Центурионы за спиной Марка Менлия переглянулись.
— Ты не узнаешь меня, Гней Муцион? Мы служили вместе в легионе «Виктрис». На моих глазах ты с помпой переходил центурионом в преторианскую гвардию, и все завидовали тебе. Мы встретились через пятнадцать лет, и ты всё тот же центурион. И знаешь почему? Потому что ходишь всегда с кем-то на шаг сзади. Так и прожил все пятнадцать лет при ком-то.
Больно ударил проконсул по самолюбию своего бывшего сослуживца. Тот уже узнал Авилия Флакка и осознал разницу положений. Был он умелым воином, но имел склонность беззаботно пожить. В мгновение он подвёл итог жизни, стоял молча. В воздухе повисло напряженное молчание.
— Мы уходим, — раздался голос Гнея Муциона.
— Как уходим? — взорвался Марк Менлий. — Мы должны заставить их уйти и никогда не возвращаться в этот дом.
— Мы уходим, — повторил жёстким голосом Гней Муцион и направился к двери. Через минуту дом Марка Прокулы опустел от незваных гостей.
— Я не уеду в Илирик, пока дело не придёт к своему завершению, — проговорил Авилий Флакк, — события не ограничатся сегодняшней стычкой. Надо искать другой путь. Мы должны создать такие условия для Марка Менлия, чтобы он сам захотел отказаться от притязаний на Клавдию. Сейчас же предлагаю расстаться. Мы все слишком взвинчены только что состоявшимся разговором.
В перистиле осталась семья Марка Прокулы. Первой заговорила матрона Домиция:
— Буду справедливой. Мой муж способный человек, он заработал много денег. Но разве есть у него друзья, готовые встать плечом к плечу в трудную минуту? Я их не вижу.

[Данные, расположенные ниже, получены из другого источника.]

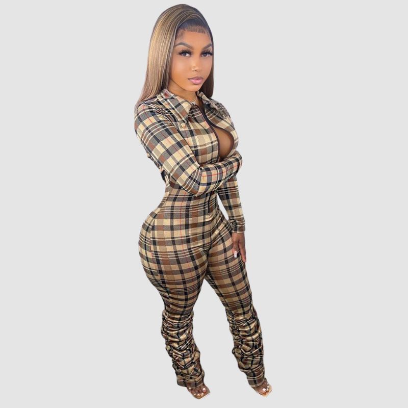 Características: Mono. Pantalones. Ajustado. Cintura alta. Solapa. Cremalleras. Contraste de color. Plisado. Diseño estampado a cuadros. Mangas largas.
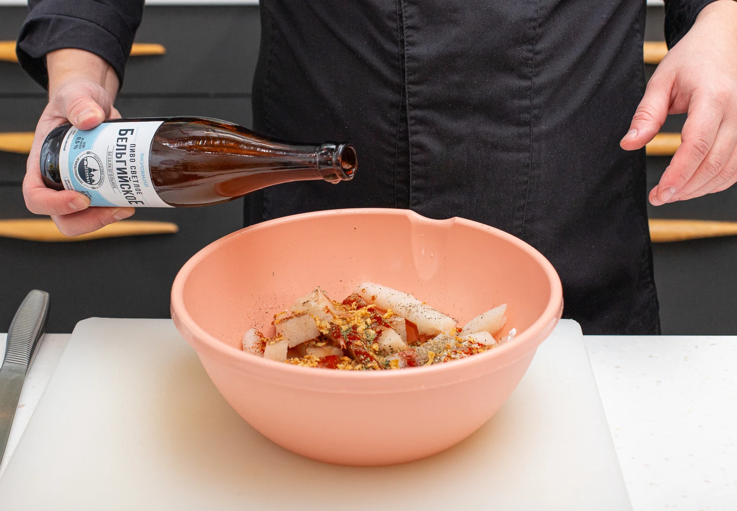 Разморозьте треску и порежьте на небольшие полоски шириной 3 см. Обваляйте рыбу в специях и соли, добавьте жареный лук и 100 мл пива. Оставьте мариноваться на 1 час при комнатной температуре.
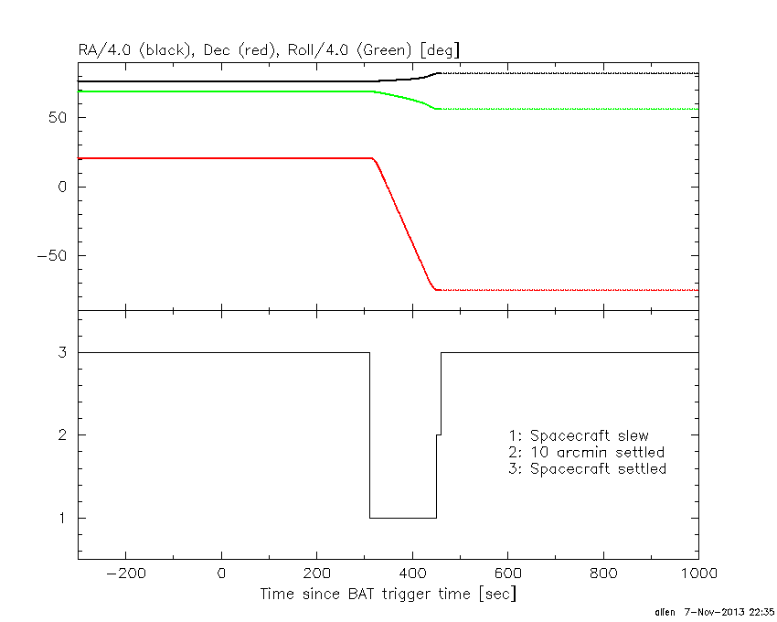 - 5) The verticle lines correspond to following: green dotted lines are T50 interval, black dotted lines are T90 interval, blue solid line(s) is a spacecraft slew start time, and orange solid line(s) is a spacecraft slew end time.
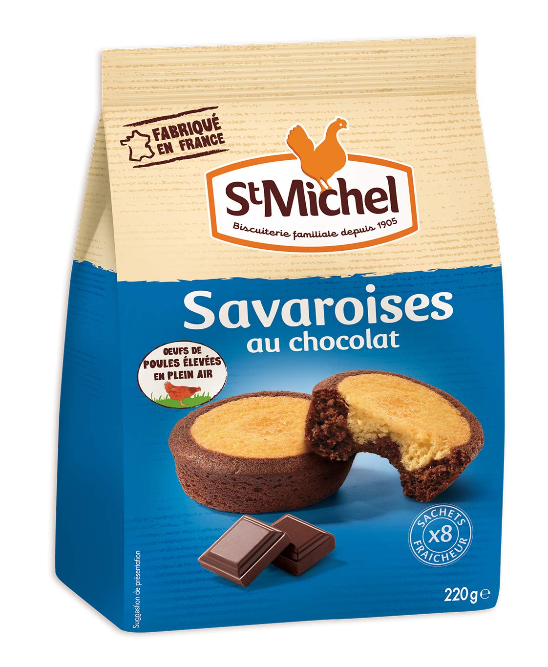 Discover our Savaroises, the combination of a soft dough and a delicious chocolate dough. A simple and authentic recipe with good ingredients: free-range eggs, French wheat flour from a sustainable source, without palm oil. Practical freshness sachets for a gourmet break at any time of the day. We make them in our family biscuit factory in Commercy, Lorraine. St Michel, French biscuits of gourmet origin! INGREDIENTS sugar, EGGS, WHEAT flour 18 , BUTTER, rapeseed oil, glucose syrup, stabilizers: sorbitols and glycerol, chocolate 5.1 (cocoa mass, sugar, emulsifier: lecithins (SOY)), cocoa powder, raising agents: sodium carbonates and citrates (WHEAT), salt, flavoring, dextrose DIRECTIONS FOR USE Keep in a dry place, away from heat and light Made in our family biscuit factory in Commercy, Lorraine. Made in France. Practical freshness pouches for a delicious snack at any time of day. Discover our Savaroises, a combination of soft dough and delicious chocolate. Découvrez nos Savaroises, l'association d'une pâte moelleuse et d'une pâte au bon chocolat. Une recette simple et authentique avec de bons ingrédients : des oeufs de poules élevées en plein air, de la farine de blé français issu d'une filière durable, sans huile de palme. Des sachets fraîcheur pratiques pour une pause gourmande à tout moment de la journée. Nous les fabriquons dans notre biscuiterie familiale à Commercy, en Lorraine. St Michel, biscuits français d'origine gourmande ! INGRÉDIENTS sucre, ŒUFS, farine de BLÉ 18 , BEURRE pâtissier, huile de colza, sirop de glucose, stabilisants : sorbitols et glycérol, chocolat 5.1 (pâte de cacao, sucre, émulsifiant : lécithines (SOJA)), cacao en poudre, poudres à lever : carbonates et citrates de sodium (BLÉ), sel, arôme, dextrose MODE D'EMPLOI Tenir au sec, à l'abri de la chaleur et de la lumière Fabriqué dans notre biscuiterie familiale à Commercy, en Lorraine. Fabriqué en France. Des sachets fraicheur pratiques pour une pause goourmande à tout moment de la journée. Découvrez nos Savaroises, l'association d'une pâte moelleuse et d'une pâte au bon chocolat.
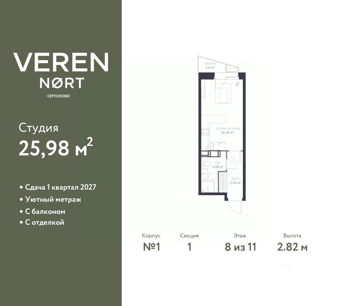 1-комн. квартира-студия в Veren Nort Сертолово на 8 этаже. Квартира без отделки, полностью готова к чистовой отделке и дальнейшему ремонту. Общая площадь: 25.98 кв.м., площадь гостиной 16.35 кв.м., из которых 5 кв.м. выделено под кухонную зону. Все окна выходят на одну сторону. В квартире один балкон, один совмещенный санузел. Высота потолков 2.82 м.
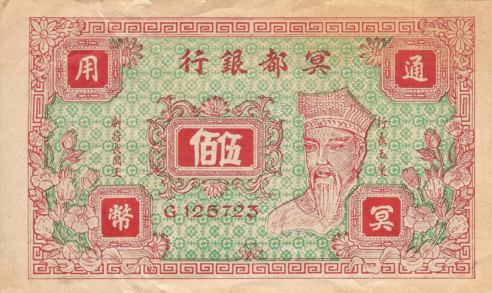 Verbreitet ist diese Sitte im chinesisch/asiatischen Kulturkreis. Höllengeld ist mindestens seit dem Ende des 19. Jahrhunderts in Gebrauch, und löste das Verbrennen von echten Banknoten ab. Anfang des 20. Jahrhunderts begann man, solche Scheine in verschiedenen Größen und Farben zu drucken. Dabei näherten sie sich optisch immer mehr echten Umlaufscheinen an. Heute sind viele hunderte Varianten aus unterschiedlichsten Regionen und mit unterschiedlichsten Werten zu finden.
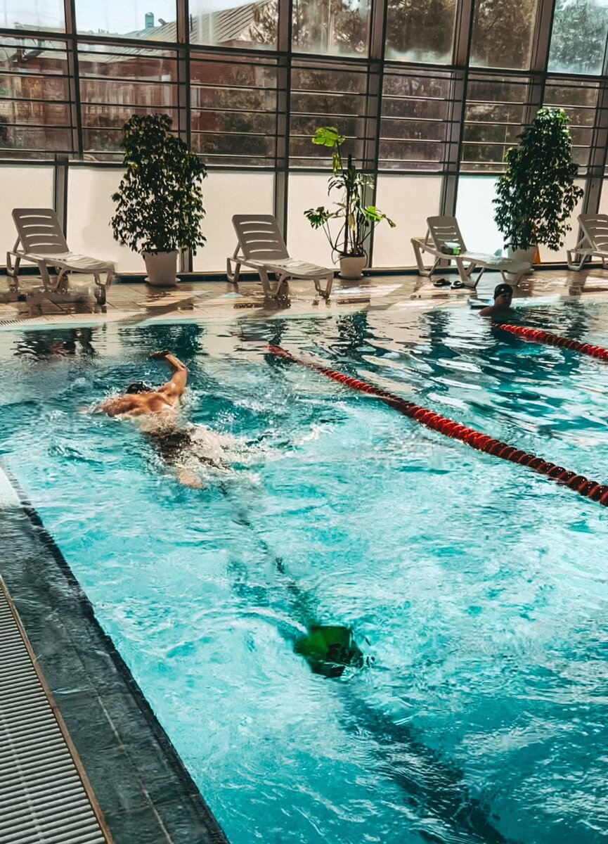 Таааак, пришло время рассказать о новых причиндалах для плавания. Лопатки, ласты, колобашки и даже резина, это все не было особым открытием, все видели. Но вот парашют… парашют это уже совсем что-то новенькое и интересное. Лично для меня это прямая ассоциация с боевой авиацией и автоспортом. Где надо очень быстро, на коротком отрезке затормозить мощную и тяжелую машину… Ну это же прям я 💪😂 В плавании же эту штуку яростно используют для развития выносливости и силы. Небольшой, по площади, кусок плотной ткани упирается в поток, который создает пловец, раздувается и работает как парус. Чем быстрее ты плывешь, тем активнее создается сопротивление. Причем, если плыть равномерно, без рывков, то и напряжение оказывается ровное. Ты постоянно чувствуешь, что на тебе висит тяжеленный грузик, который надо дотащить. Если же техника рваная, то ремень успевает провиснуть и на следующем гребке, когда даешь инерцию, ремень ощутимо-резко натягивается, и гасит твою скорость. По ощущениям, буд
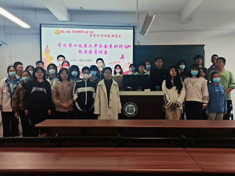 11月18日下午,永利集团304am登录特邀校关工委委员、永利集团304am登录马克思主义学院陈爱玉教授为人文学院2021级新生作“担当使命,探索革命新道路的艰辛与启示”学习第十九届六中全会报告会讲座。
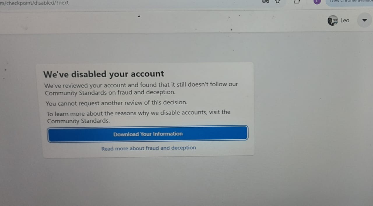 However, Igwe’s efforts went in vain when on January 12, he was given what reads like the final verdict by Meta Platforms on his appeals. The verdict, whose screenshot was shared by Igwe with Thoughtfox (and is posted below), states that his account had continued not to follow Meta’s ‘Community Standards on fraud and deception.’ Perhaps more important, the verdict adds the following: ‘You cannot request another review of this decision.’
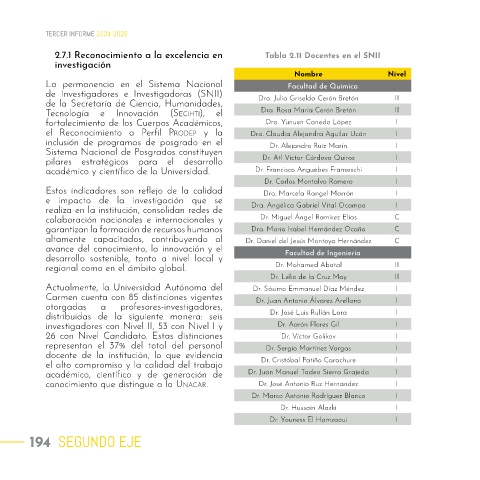 2.7.1 Reconocimiento a la excelencia en Tabla 2.11 Docentes en el SNII
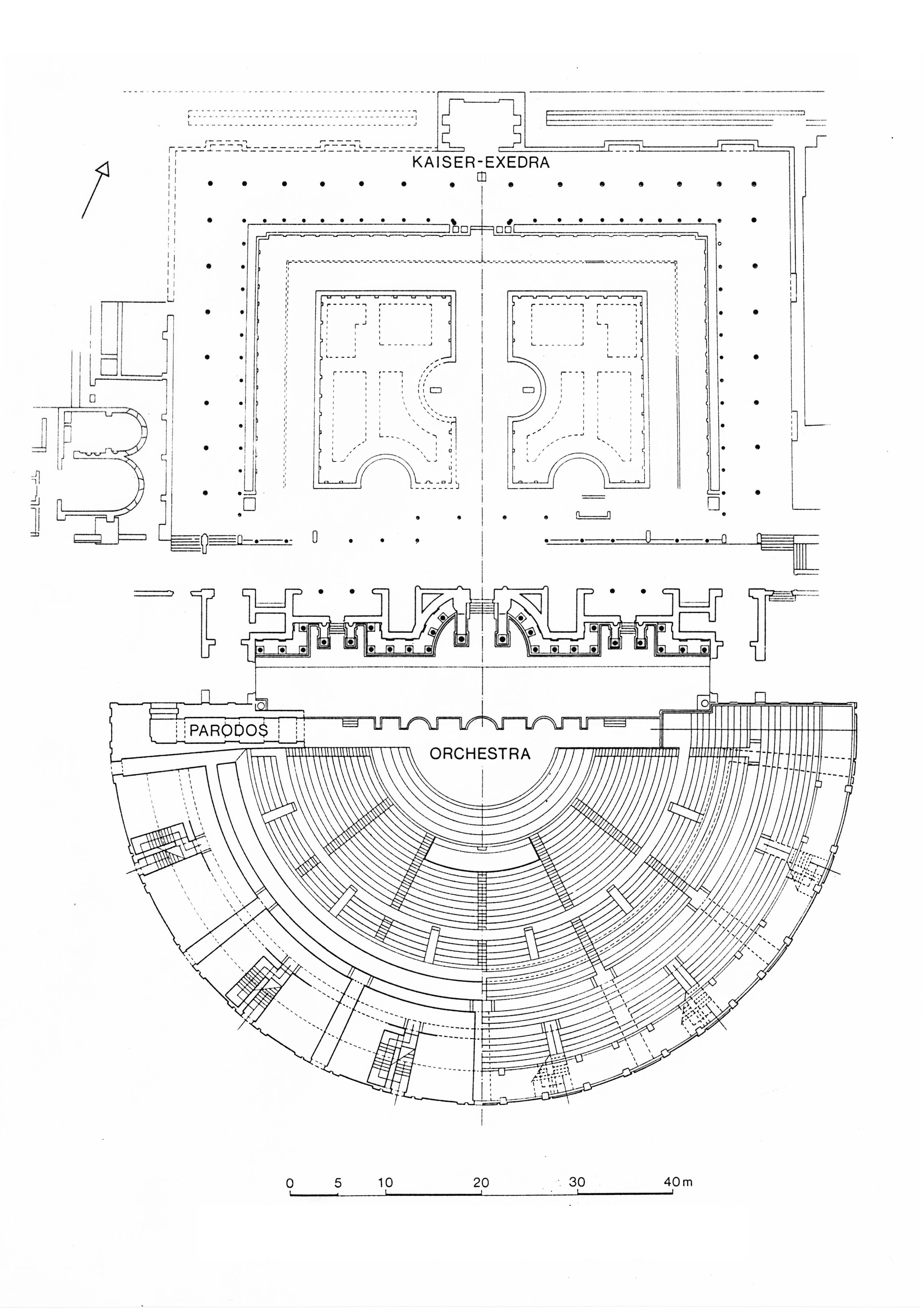 A water channel bordered the exterior of the colonnade, emptying into two small square depressions in the northeast and northwest corners which connected to the drains traversing the north side of the peristyle. Water, indispensable for irrigation and the fountains, was in ample supply, probably owing to the theate's proximity to the San Lázaro water canal. Parallel to the portico of the rear of the proscenium (stage), in the eastern part, ran a wall which expanded in the form of an exedra, forming a semicircular space for a statue. But the most interesting element of the peristyle, located at the back of it and on axis with the valva regia, was an aula sacar locate on plan, dedicated to the imperial cult. In front of this was a small marble fountain decorated with vegetal motifs. The aula sacra consisted of a small rectangular chamber with marble revetted walls and niches for statues. Inside, four toga-clad statues, a veiled head of Augustus, and a head of Tiberius were found.

— Таких друзей нет, — откликнулся Марк Прокула. — Деньги! Когда в денежных делах появлялись друзья? Только грань жизни и смерти создаёт настоящих друзей. Сегодня мы наблюдали Авилия Флакка. Сопливый мальчишка уже проконсул, человек императора. Как говорил, как действовал! Но надо представлять события правильно. Не проконсула убоялись три центуриона преторианской гвардии, а меча Тиберия. Молодец Понтий Пилат! Молодец, что заработал меч у императора. Теперь у Марка Менлия остаётся один путь: убийство Понтия Пилата. Будет организован несчастный случай. Только тогда не сработает охранная сила меча императора.
Женщины по-своему восприняли результаты событий. На женской половине Клавдия говорила матери:
— Мы подставили Понтия под удар. Я боюсь его потерять!
Следующий день прошёл в ожидании Марка Менлия. Но, видимо, выявившийся расклад сил отрезвил многих прихлебателей Марка.
Семья Марка Прокулы искала выход из затруднительного положения. Достойное решение не вырисовывалось. Наконец матрона Домиция произнесла:
— Остался только один способ устранения опасности — разорение семьи. Исчезают обещанные в приданое полмиллиона сестерциев — исчезает интерес центуриона Марка Менлия, отпадают его претензии.
Матрона Домиция повернулась к мужу. Тот окаменел, но слов его ждали. Наконец Марк Прокула произнес заплетающимся голосом:
— Это невозможно, невозможно. Мы — нищие. Я не представляю себе такую жизнь. Лучше умереть.
— Тебе лучше, может быть, и умереть. Но почему умереть должна Клавдия? Если погибнет Понтий, Клавдия убьёт себя. Моя жизнь тоже теряет смысл. Что же ты будешь делать со своим состоянием?
Марку Прокуле был плохо. Ему предстояло выбрать меньшее из двух зол, но каждое из них он воспринимал как собственную смерть. Было ясно, что последнее слово останется за матроной Доми-цией, но в этот момент в разговор вмешался Авилий Флакк:
— Ясностью своей мысли матрона Домиция поражает меня. На сегодняшний день это единственно возможное решение. Но я вижу условия, смягчающие финансовые потери семьи. Мы с Понтием компенсируем потери Марка Прокулы. Сейчас важно получить его согласие и не упустить время. Нельзя допустить открытого столкновения. Теперь твоё слово, Понтий.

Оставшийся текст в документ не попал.